Tuesday, August 27, 2002

For all my grousing, the libertarian critique of government regulation occasionally has its merits. Take, for instance, the matter of water supply. A complicated morass of legislative compacts and regulatory understandings has led to a situation in which residents of Los Angeles can pay up to $600.00 for an acre-foot of Colorado River water, while agribusiness pays only $13.00 per acre-foot. The result is a massive subsidy of thoroughly inefficient use of natural resources (as a friend of mine once quipped, "Hey, I've got a great idea --- let's grow rice in the desert!"), sustained entirely by cronyism and lobbying.

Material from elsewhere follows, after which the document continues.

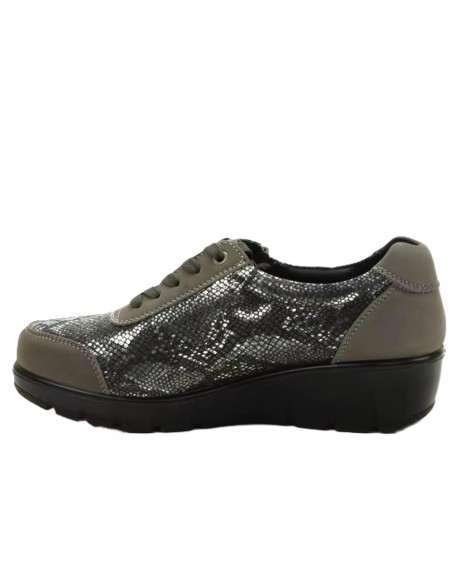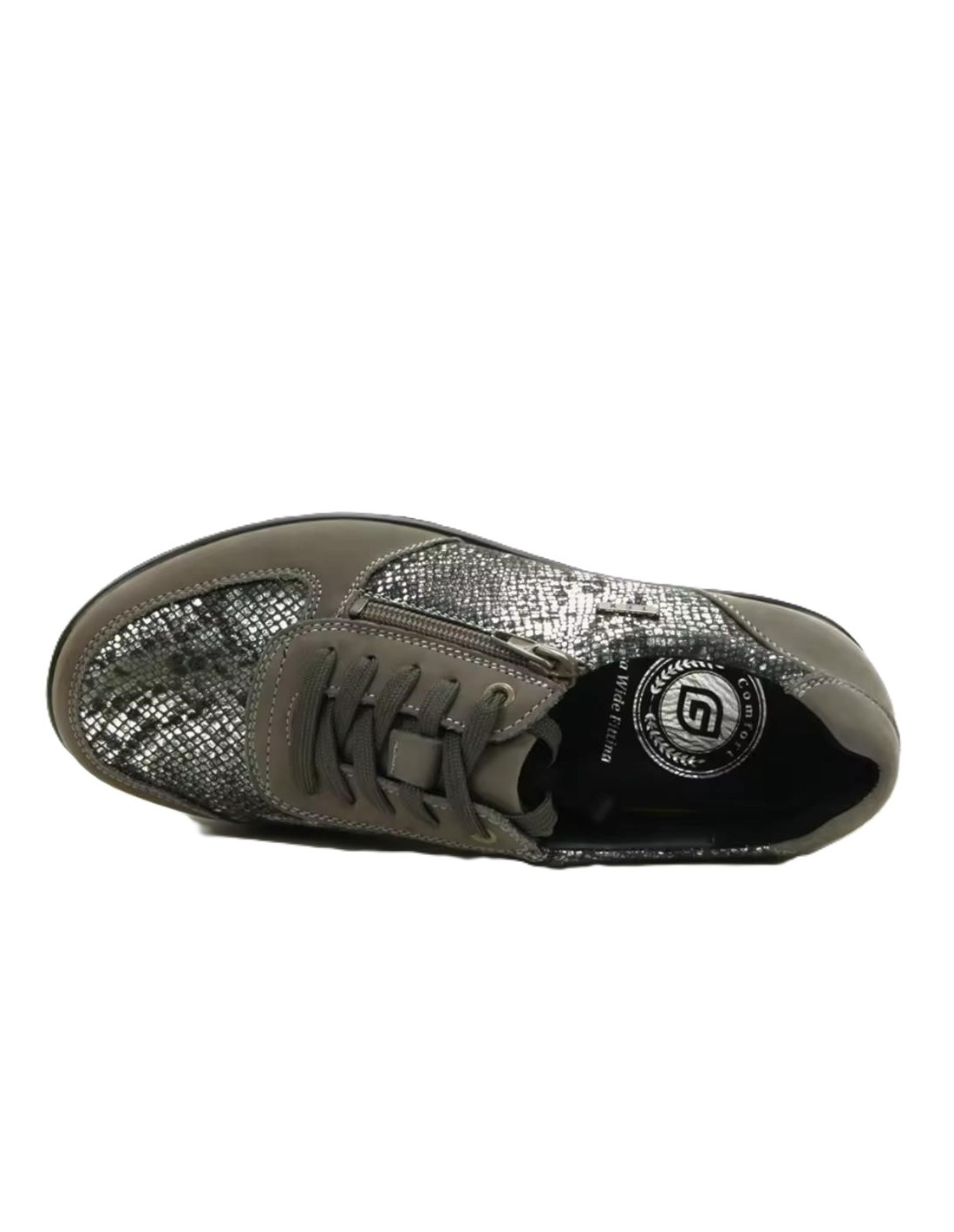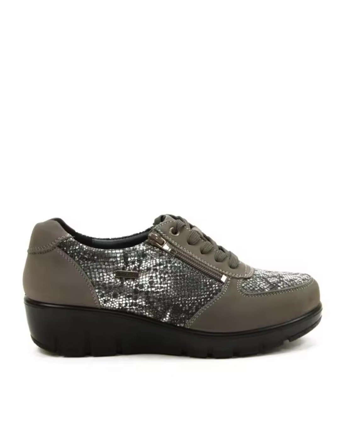 Descripción: Zapato cordones mujer de G Comfort modelo 799-2 en nubuck licra grises. Ajuste cremallera. Con membrana impermeable y transpirable. Cómoda cuña ligera de poliuretano inyectado antideslizante.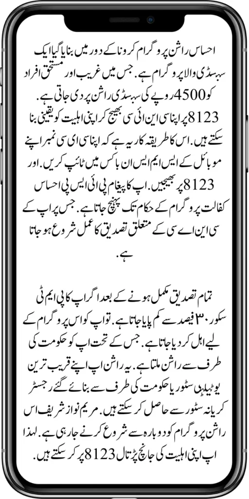 After all verification is completed if your PMT score is found less than 30%. So you are qualified for this program. Under which you get ration from the government. You can get this ration from your nearest utility store or registered grocery store made by the government. Maryam Nawaz Sharif is going to restart this ration program. So you can check your eligibility on 8123 8123 Ehsaas Rashan Program.

Naturally, our friends from the Chicago school see privatization as a solution to this problem. (They see it as the solution to every problem). And indeed, they are getting some water delivery systems privatized. But not for Colorado water --- the wave of privatization is hitting the third world, where the World Bank is using its enormous influence to pressure governments into selling off their water delivery systems, resulting in complaints that the contractors systematicly underbid in order to demonstrate fictitious "benefits" of privatization, and then raise prices within their districts (which are natural monopolies --- there's only one set of pipes, which they control) to punishing levels simply because they can:

"We kept presenting facts showing that they were not making any investments, just raising the price of water. And any investments they made were with government money."

On the one hand, we have massive, encrusted regulation, with the water controlled largely by government; on the other, privatization and thorough deregulation. What these two situations have in common is that in each case, government influence has structured the situation so that large corporations get major benefits at the expense of the little guy.

The libertarian critique of government power frequently has its merits. Where they fall down is in failing to see the power of large multinational corporations as the other side of the same coin.